STUDY MATERIAL:
<<<<

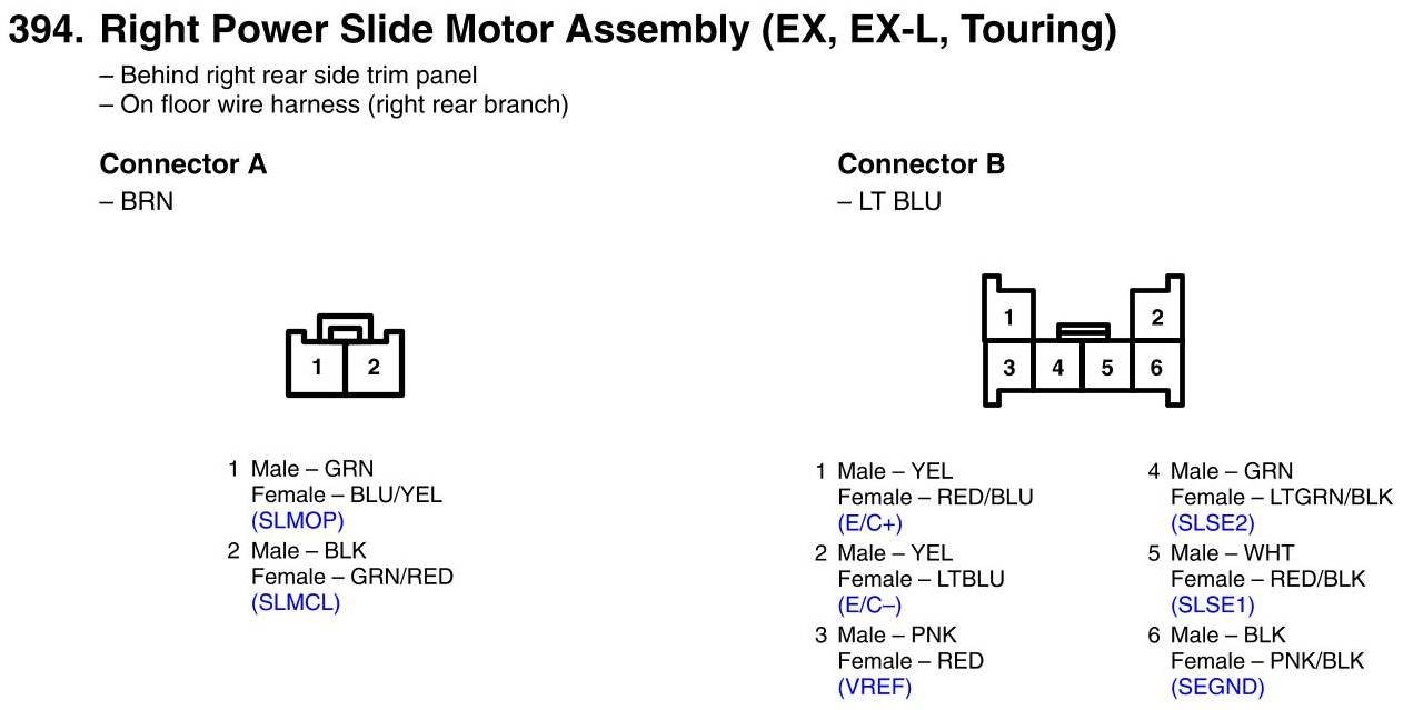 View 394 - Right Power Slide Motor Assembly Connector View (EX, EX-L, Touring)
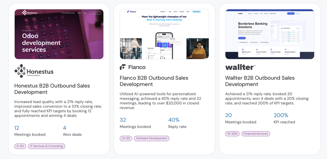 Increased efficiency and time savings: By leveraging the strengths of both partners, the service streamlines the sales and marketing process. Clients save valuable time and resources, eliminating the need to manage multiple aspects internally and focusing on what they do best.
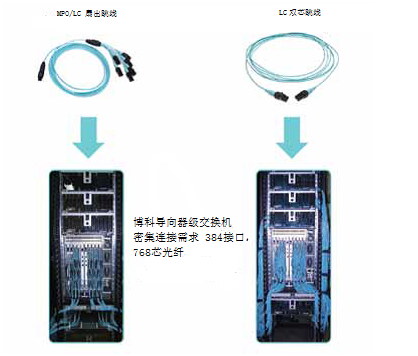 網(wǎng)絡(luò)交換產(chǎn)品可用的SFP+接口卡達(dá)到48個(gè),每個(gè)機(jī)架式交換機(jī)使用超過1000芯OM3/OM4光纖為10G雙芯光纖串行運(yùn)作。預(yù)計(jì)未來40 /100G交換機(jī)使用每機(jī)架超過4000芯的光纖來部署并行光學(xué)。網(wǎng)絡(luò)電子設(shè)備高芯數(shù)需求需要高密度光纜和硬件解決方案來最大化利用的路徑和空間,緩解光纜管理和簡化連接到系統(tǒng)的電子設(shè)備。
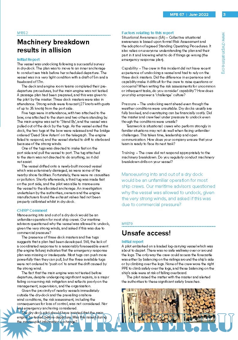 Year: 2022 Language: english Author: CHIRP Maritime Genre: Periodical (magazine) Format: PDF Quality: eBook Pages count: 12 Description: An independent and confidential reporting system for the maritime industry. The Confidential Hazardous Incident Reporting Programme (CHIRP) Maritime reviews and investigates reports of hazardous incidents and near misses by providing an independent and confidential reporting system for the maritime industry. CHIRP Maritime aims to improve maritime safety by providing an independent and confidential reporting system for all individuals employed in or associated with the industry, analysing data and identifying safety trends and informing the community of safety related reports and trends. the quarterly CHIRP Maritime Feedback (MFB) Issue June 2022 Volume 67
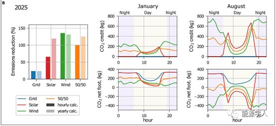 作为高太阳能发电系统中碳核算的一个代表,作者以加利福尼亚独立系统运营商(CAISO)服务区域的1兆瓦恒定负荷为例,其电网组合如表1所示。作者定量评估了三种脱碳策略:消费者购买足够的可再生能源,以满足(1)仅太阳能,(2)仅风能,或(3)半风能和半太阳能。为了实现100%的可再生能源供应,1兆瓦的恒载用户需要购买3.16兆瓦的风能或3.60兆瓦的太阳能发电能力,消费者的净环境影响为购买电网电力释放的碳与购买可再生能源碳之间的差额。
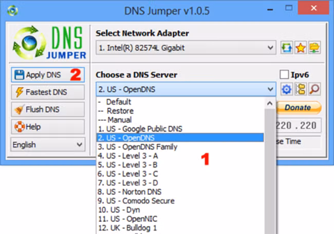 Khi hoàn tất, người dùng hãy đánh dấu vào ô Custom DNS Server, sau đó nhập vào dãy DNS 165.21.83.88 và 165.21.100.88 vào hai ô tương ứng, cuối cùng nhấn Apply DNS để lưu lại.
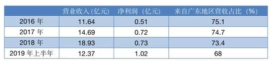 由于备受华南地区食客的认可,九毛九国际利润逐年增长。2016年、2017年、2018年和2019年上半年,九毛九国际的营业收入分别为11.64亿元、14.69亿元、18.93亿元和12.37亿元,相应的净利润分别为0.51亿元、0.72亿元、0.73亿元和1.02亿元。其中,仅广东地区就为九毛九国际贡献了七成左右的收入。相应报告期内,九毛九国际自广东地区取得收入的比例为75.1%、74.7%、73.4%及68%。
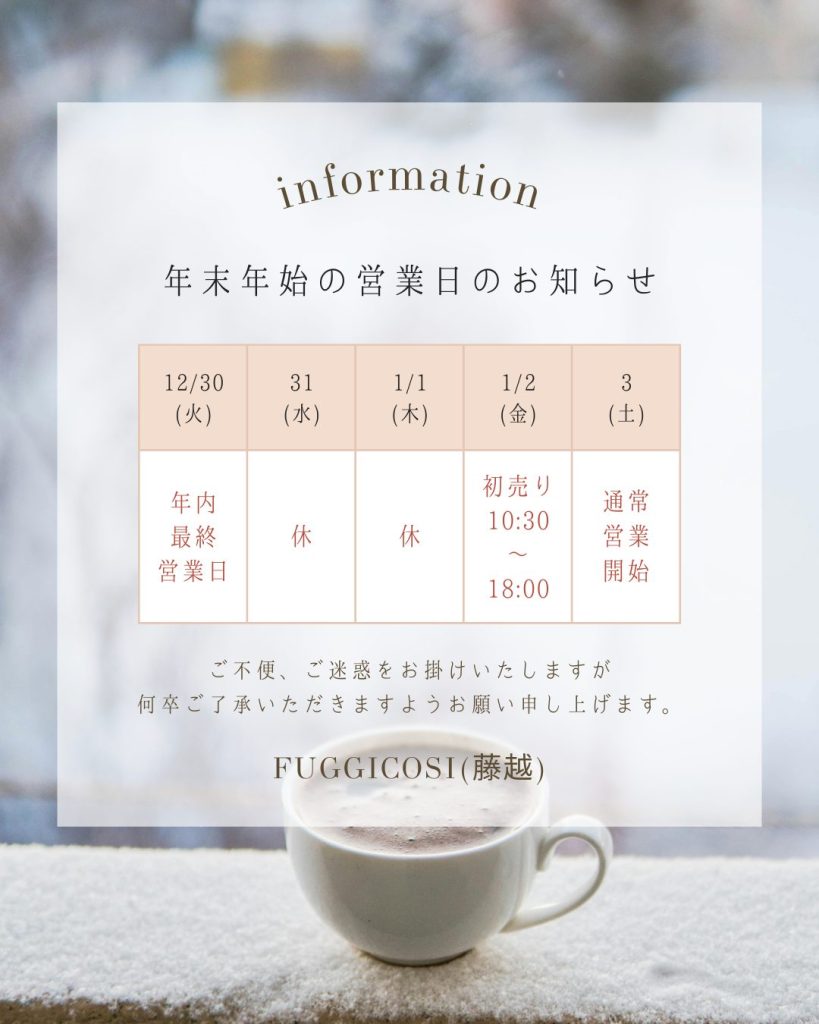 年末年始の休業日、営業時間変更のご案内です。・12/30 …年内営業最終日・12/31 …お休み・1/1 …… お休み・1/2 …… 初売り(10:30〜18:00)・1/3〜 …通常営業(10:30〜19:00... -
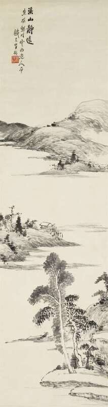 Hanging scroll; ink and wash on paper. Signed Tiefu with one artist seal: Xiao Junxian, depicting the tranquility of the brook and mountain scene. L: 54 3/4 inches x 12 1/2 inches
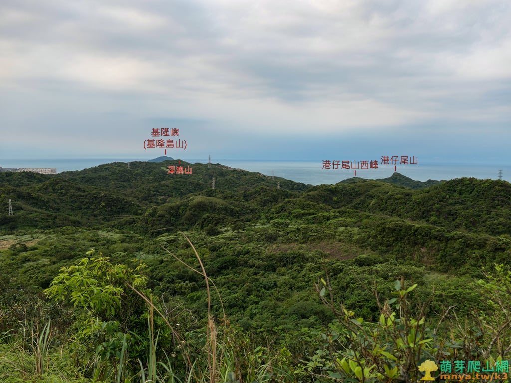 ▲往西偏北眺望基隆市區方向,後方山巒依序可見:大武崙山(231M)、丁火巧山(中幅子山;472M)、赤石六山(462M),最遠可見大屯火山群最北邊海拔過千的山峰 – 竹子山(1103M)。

>>>>
<<<<

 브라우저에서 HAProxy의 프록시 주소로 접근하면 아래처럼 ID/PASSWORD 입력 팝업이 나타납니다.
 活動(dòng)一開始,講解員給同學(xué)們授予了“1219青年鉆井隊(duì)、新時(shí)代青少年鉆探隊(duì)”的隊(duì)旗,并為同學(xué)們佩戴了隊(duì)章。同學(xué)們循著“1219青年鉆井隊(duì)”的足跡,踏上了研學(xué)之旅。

>>>>

YOUR ASSIGNMENT: Please give an exact copy of the lines above, beginning with the line containing "브라우저에서 HAProxy의 프록시" and running through the line containing "活動(dòng)一開始,講解", and of no other lines.

EXERCISE RESPONSE:
 브라우저에서 HAProxy의 프록시 주소로 접근하면 아래처럼 ID/PASSWORD 입력 팝업이 나타납니다.
 活動(dòng)一開始,講解員給同學(xué)們授予了“1219青年鉆井隊(duì)、新時(shí)代青少年鉆探隊(duì)”的隊(duì)旗,并為同學(xué)們佩戴了隊(duì)章。同學(xué)們循著“1219青年鉆井隊(duì)”的足跡,踏上了研學(xué)之旅。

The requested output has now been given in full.